** Opening Data extracts block **
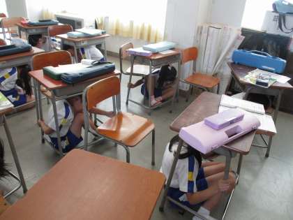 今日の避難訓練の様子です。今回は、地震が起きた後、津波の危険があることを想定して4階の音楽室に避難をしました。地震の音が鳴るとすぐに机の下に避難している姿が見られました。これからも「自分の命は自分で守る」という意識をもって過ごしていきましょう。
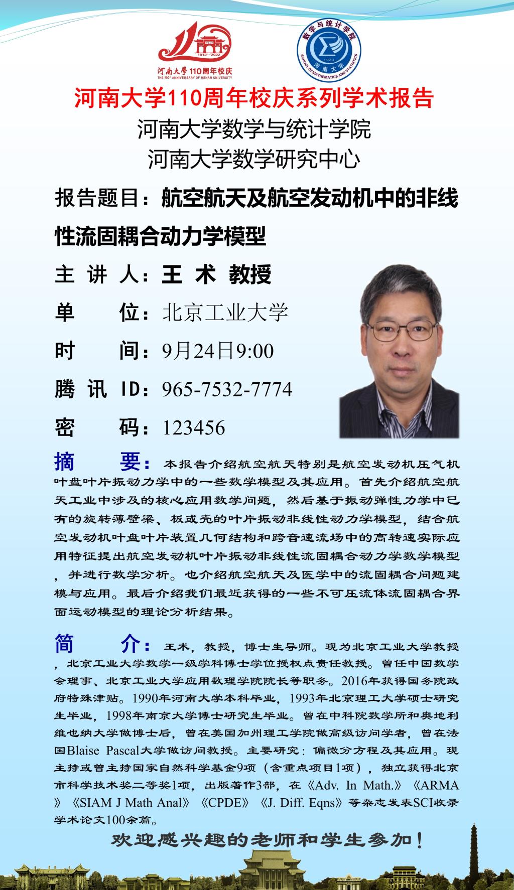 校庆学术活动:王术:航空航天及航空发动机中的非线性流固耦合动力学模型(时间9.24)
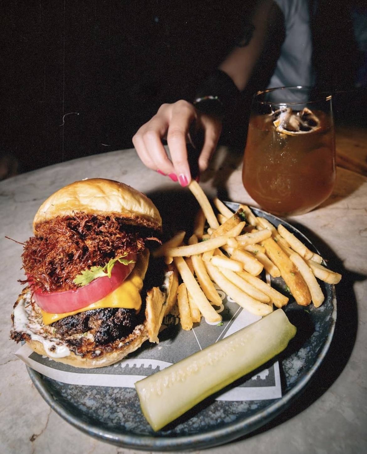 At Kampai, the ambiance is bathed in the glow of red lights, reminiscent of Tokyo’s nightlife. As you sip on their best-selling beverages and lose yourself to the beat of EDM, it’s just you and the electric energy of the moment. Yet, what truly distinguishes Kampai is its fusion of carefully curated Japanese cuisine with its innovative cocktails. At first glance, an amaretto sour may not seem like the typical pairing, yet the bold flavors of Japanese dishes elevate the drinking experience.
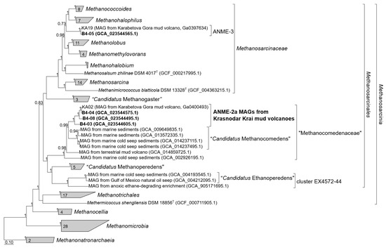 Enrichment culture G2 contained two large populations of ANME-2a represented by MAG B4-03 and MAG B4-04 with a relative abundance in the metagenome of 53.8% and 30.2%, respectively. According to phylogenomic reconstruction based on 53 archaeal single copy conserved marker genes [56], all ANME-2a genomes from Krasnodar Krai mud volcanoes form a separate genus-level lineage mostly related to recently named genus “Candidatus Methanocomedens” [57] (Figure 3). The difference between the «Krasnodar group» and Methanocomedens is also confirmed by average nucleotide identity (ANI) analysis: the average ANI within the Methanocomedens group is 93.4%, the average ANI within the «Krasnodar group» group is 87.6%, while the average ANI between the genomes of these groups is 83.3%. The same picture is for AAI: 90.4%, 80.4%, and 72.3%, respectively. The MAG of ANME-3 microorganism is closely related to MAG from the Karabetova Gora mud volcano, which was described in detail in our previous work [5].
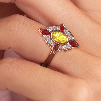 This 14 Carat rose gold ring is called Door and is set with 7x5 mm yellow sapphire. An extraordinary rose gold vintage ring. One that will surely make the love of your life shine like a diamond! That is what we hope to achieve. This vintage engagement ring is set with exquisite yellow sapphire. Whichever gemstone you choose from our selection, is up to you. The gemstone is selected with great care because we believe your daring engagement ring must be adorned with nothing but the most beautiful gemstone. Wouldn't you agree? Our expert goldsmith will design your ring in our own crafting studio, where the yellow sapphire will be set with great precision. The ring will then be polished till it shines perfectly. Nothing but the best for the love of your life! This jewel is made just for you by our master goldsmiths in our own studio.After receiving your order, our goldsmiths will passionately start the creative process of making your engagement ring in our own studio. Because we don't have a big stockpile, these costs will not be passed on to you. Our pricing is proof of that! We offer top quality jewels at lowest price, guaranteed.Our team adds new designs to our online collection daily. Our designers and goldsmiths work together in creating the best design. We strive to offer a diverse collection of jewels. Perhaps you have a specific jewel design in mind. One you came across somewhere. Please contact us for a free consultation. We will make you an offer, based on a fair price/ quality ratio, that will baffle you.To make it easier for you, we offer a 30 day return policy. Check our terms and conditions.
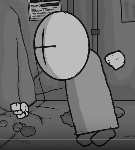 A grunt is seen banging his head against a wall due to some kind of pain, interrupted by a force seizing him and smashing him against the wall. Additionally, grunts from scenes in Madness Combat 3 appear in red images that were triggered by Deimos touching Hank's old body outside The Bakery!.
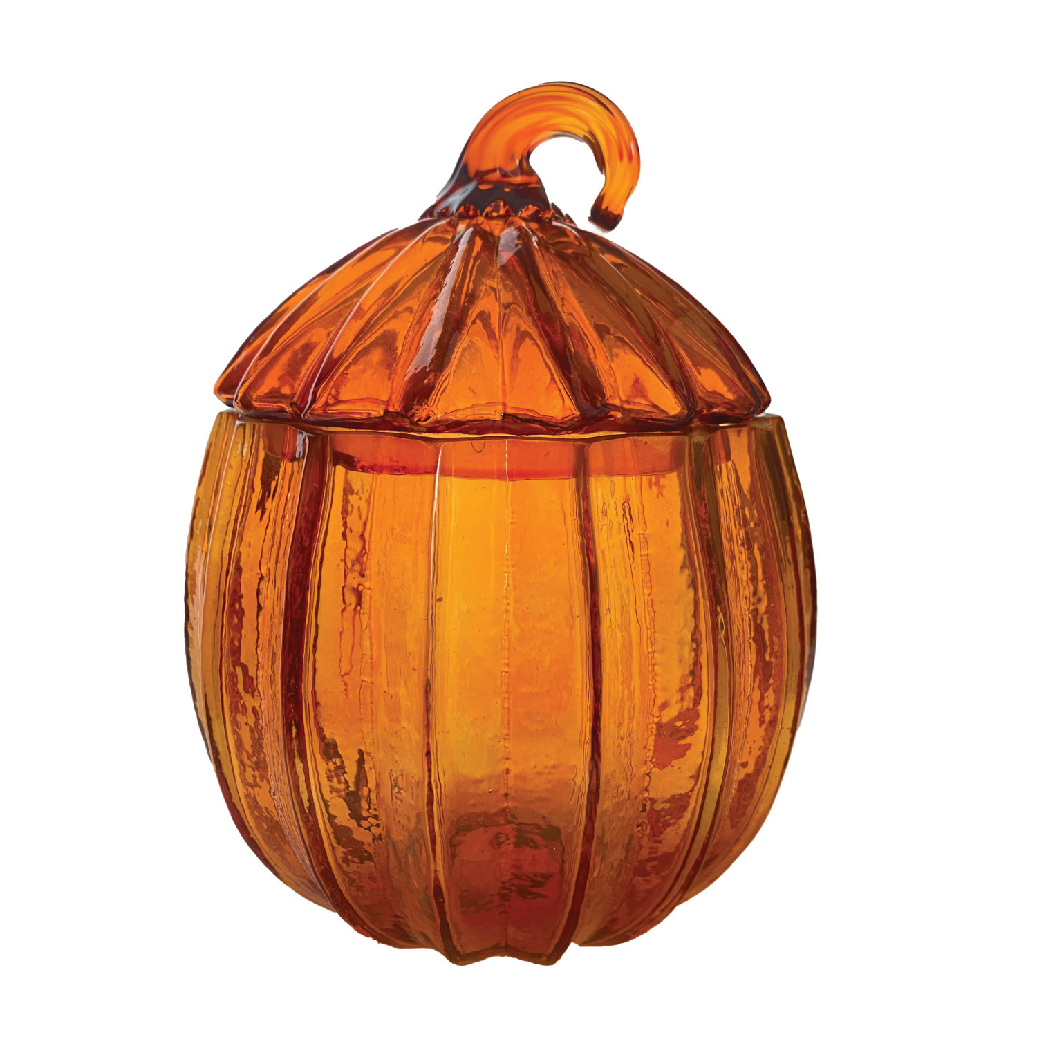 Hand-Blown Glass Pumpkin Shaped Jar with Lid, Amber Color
** Closing Data extracts block **
> [Problem]: Repeat the exact lines from the first line of the data through the line containing "At Kampai, the". Nothing else, no pictures.

> [Solution for this task]:
 今日の避難訓練の様子です。今回は、地震が起きた後、津波の危険があることを想定して4階の音楽室に避難をしました。地震の音が鳴るとすぐに机の下に避難している姿が見られました。これからも「自分の命は自分で守る」という意識をもって過ごしていきましょう。
 校庆学术活动:王术:航空航天及航空发动机中的非线性流固耦合动力学模型(时间9.24)
 At Kampai, the ambiance is bathed in the glow of red lights, reminiscent of Tokyo’s nightlife. As you sip on their best-selling beverages and lose yourself to the beat of EDM, it’s just you and the electric energy of the moment. Yet, what truly distinguishes Kampai is its fusion of carefully curated Japanese cuisine with its innovative cocktails. At first glance, an amaretto sour may not seem like the typical pairing, yet the bold flavors of Japanese dishes elevate the drinking experience.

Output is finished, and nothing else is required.